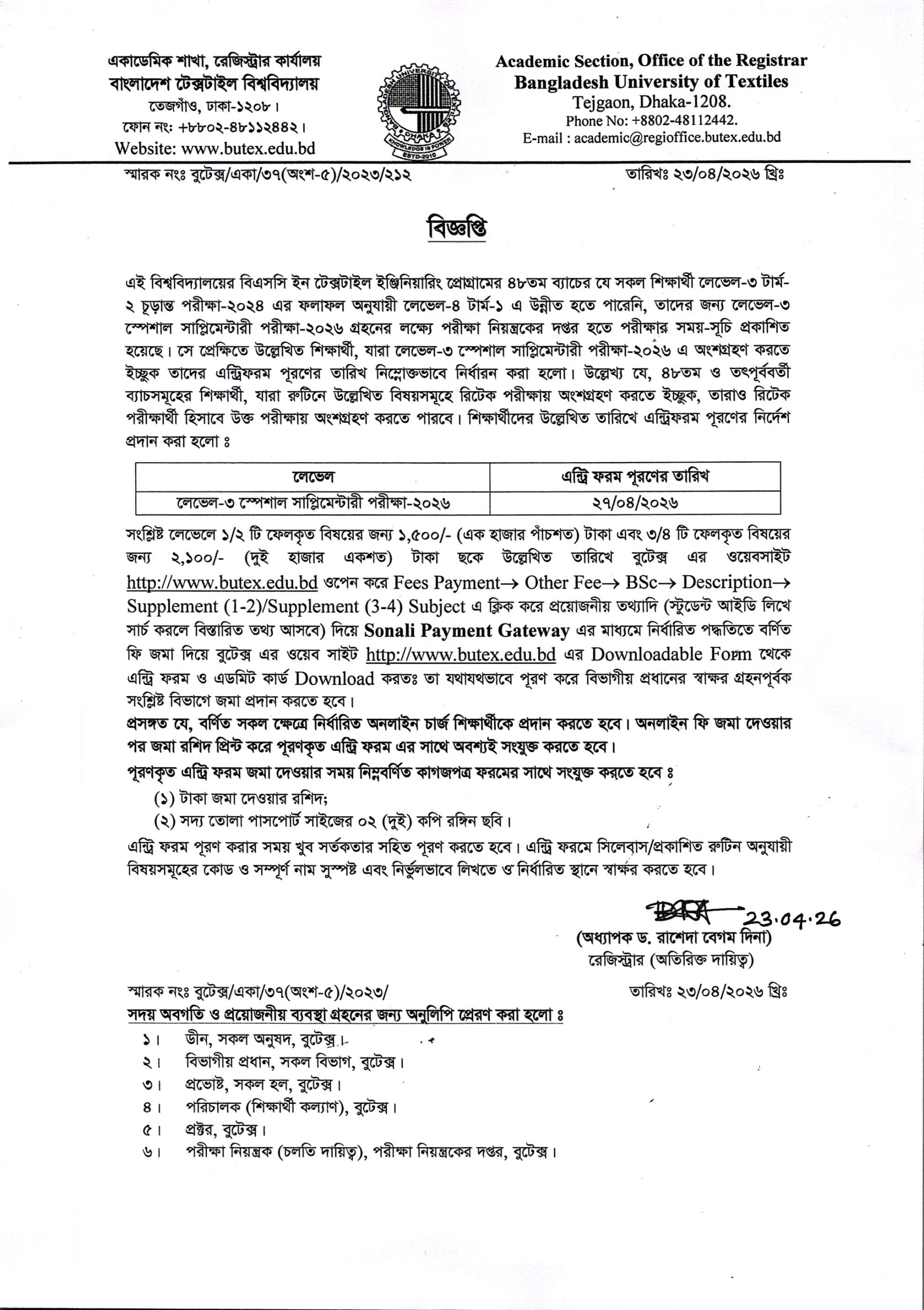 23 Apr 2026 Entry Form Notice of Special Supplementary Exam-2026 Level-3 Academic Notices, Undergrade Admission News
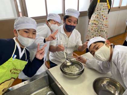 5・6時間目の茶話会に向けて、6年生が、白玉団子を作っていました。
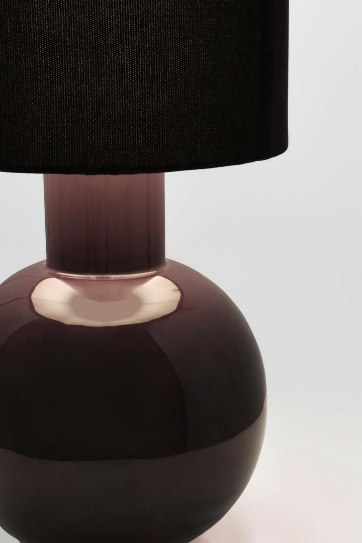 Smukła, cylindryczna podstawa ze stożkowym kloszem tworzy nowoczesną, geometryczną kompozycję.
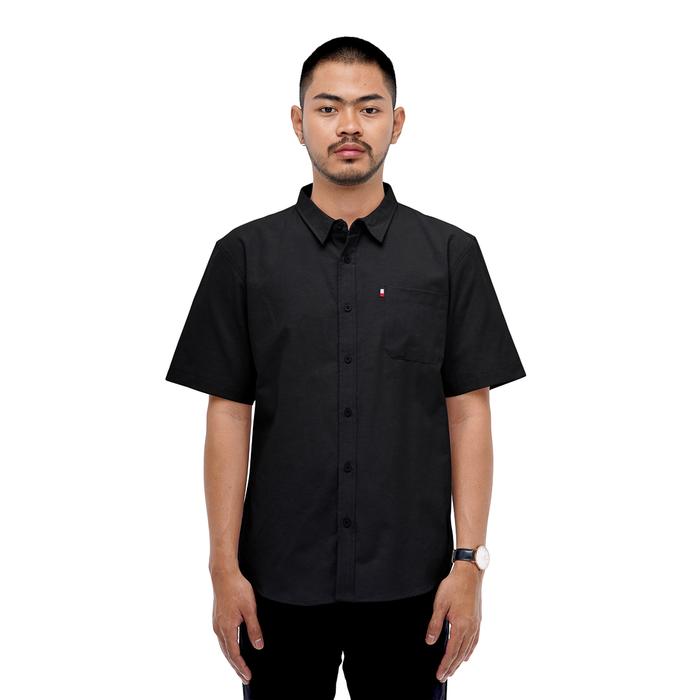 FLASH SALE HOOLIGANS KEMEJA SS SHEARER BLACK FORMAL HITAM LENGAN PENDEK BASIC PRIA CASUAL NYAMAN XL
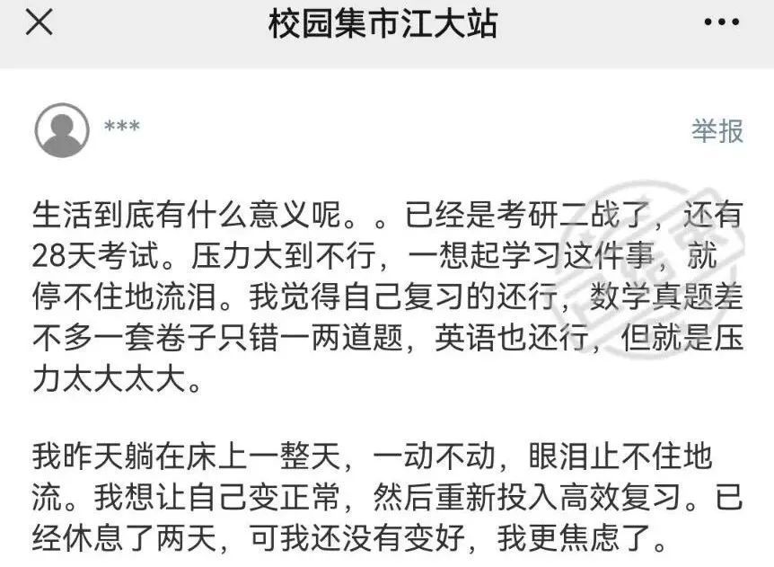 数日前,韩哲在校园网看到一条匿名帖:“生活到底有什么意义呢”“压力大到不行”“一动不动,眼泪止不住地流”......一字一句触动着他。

==

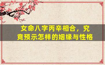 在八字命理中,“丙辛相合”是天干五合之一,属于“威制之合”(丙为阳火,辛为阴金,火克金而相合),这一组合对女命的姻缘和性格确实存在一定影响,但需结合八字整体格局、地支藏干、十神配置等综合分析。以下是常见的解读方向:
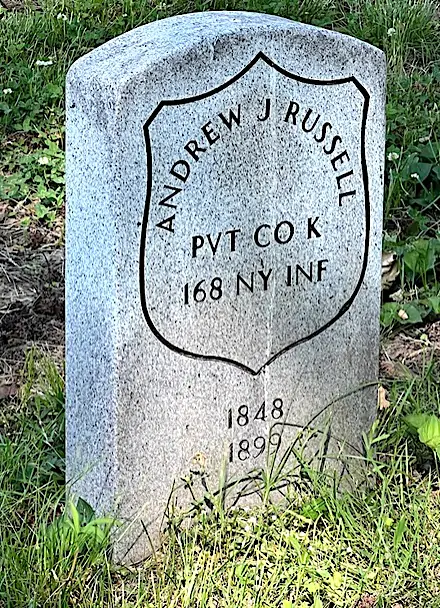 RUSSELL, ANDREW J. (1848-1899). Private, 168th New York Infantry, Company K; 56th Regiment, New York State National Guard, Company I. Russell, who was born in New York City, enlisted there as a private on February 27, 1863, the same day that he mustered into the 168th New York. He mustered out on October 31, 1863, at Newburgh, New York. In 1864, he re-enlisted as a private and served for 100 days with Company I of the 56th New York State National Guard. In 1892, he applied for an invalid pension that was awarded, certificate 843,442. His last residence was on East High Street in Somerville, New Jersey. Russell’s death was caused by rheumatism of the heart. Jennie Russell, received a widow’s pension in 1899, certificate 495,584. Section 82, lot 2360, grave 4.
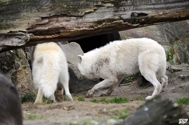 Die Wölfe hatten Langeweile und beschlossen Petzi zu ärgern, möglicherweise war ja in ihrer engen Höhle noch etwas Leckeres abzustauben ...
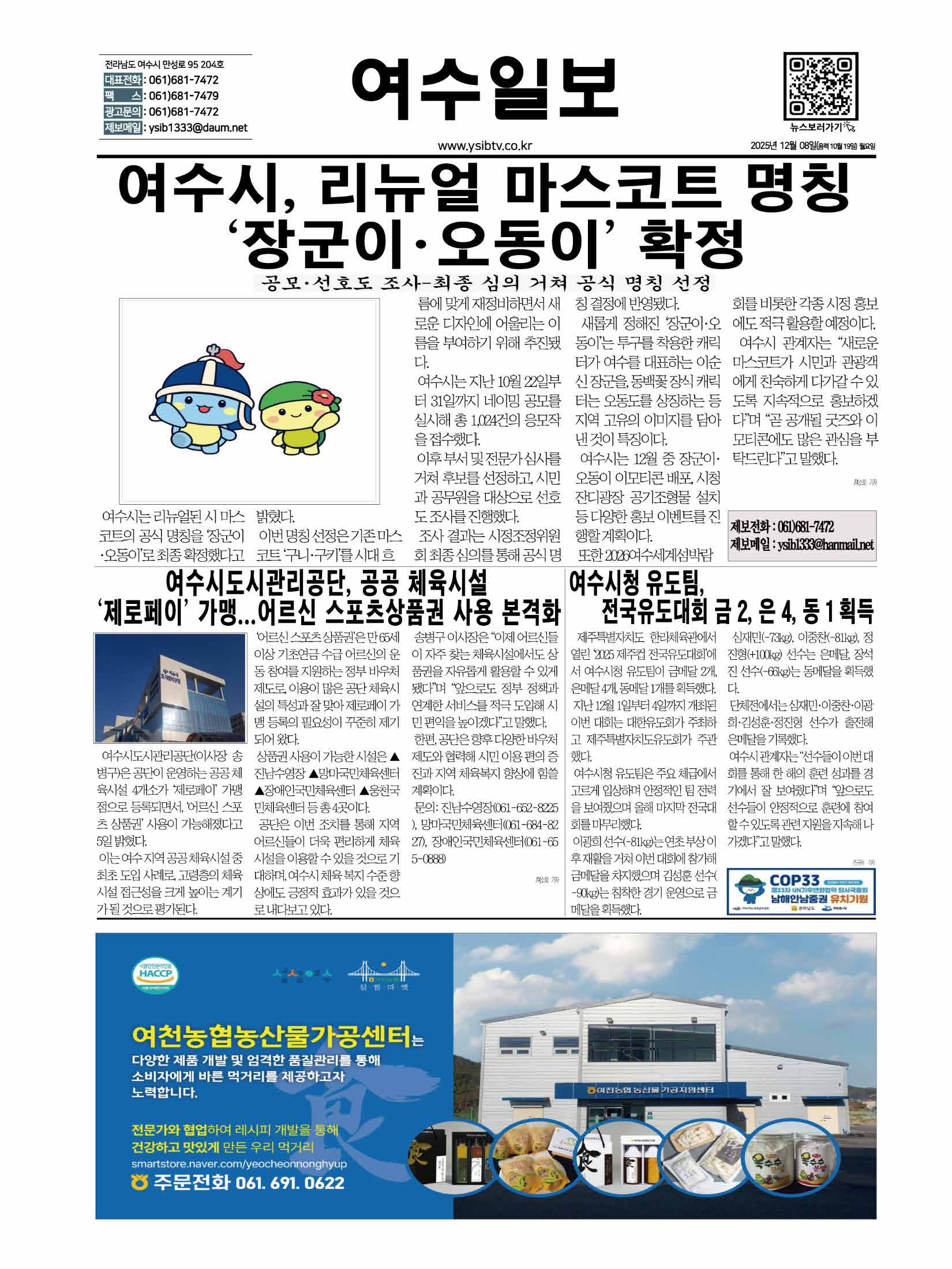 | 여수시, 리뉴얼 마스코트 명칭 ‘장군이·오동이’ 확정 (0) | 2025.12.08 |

- EXERCISE GOAL:
Starting at the line above that holds "Die Wölfe hatten", repeat every line exactly down to and including the line that holds "(0) | 2025.12.08 |", then stop. Do not carry over any pictures.

- ANSWER TO THIS EXERCISE:
 Die Wölfe hatten Langeweile und beschlossen Petzi zu ärgern, möglicherweise war ja in ihrer engen Höhle noch etwas Leckeres abzustauben ...
 | 여수시, 리뉴얼 마스코트 명칭 ‘장군이·오동이’ 확정 (0) | 2025.12.08 |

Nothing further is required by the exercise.